# Runtime QoS service for application-driven adaptation in network   computing

**Authors:** Feras Al-Hawari, Elias Manolakos

arXiv: 1907.12986 · 2019-07-31

## TL;DR

This paper presents a runtime QoS service with lightweight middleware for application-driven adaptation in networked environments, enabling performance and fault tolerance with minimal overhead.

## Contribution

It introduces a QoS middleware and API that facilitate dynamic adaptation and fault tolerance in distributed applications on a Network of Workstations.

## Key findings

- The QoS middleware has minor performance impact.
- The API enables effective fault tolerance and scheduling.
- Application adaptation improves resilience and efficiency.

## Abstract

A distributed application executing on a Network of Workstations (NOW) needs to be resource state aware to possibly adapt itself accordingly in order to keep satisfying the desired Quality of Service (QoS) demands throughout its lifespan. We implemented a QoS service to enable application-driven adaptation for performance and fault tolerance at runtime. The service is associated with lightweight middleware that monitors the state and load of all application entities (e.g., machines, tasks, and logical network links).

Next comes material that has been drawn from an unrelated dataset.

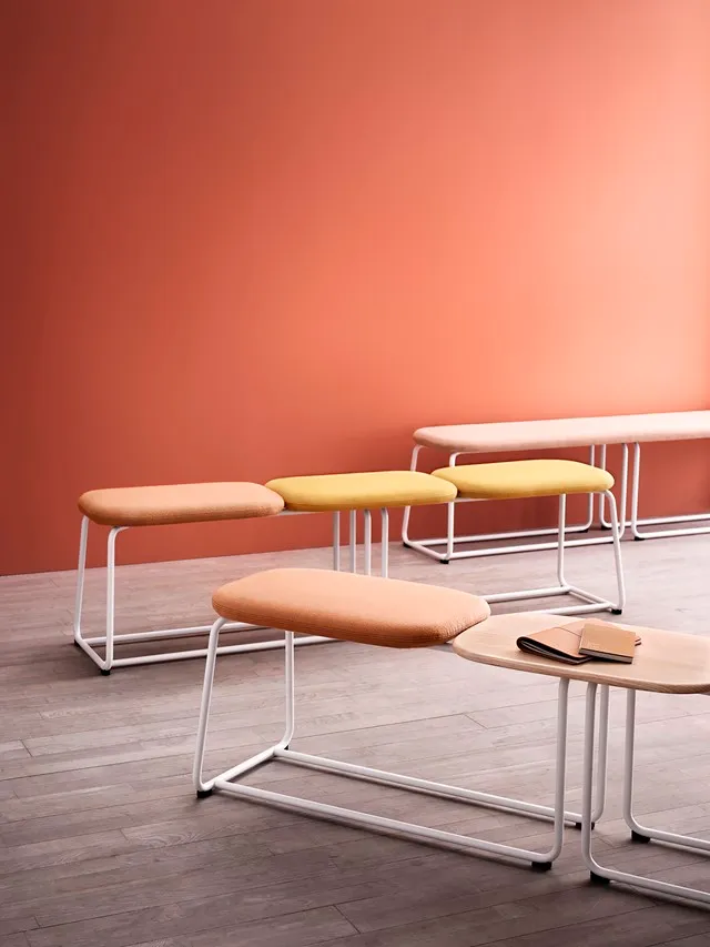 The Soft Top family started with four chairs but now has some new companions. With two new bar stools and three new benches – where a tabletop joins together one of the benches – Soft Top makes taking a break a little easier. And a little more comfortable.

Moreover, it makes its services available to an application task via an anonymous and simple to use QoS API. We present a Manager-Worker application that uses our fault tolerance QoS API to adapt for Worker faults in order to avoid application deadlock at runtime. Moreover, we show how a dynamic application-level scheduler can easily utilize the QoS API to find efficient schedules. Furthermore, we quantified the overhead of the QoS middleware in various scenarios to demonstrate that it has minor impact on the performance of the application it is servicing.

---
Source: https://tomesphere.com/paper/1907.12986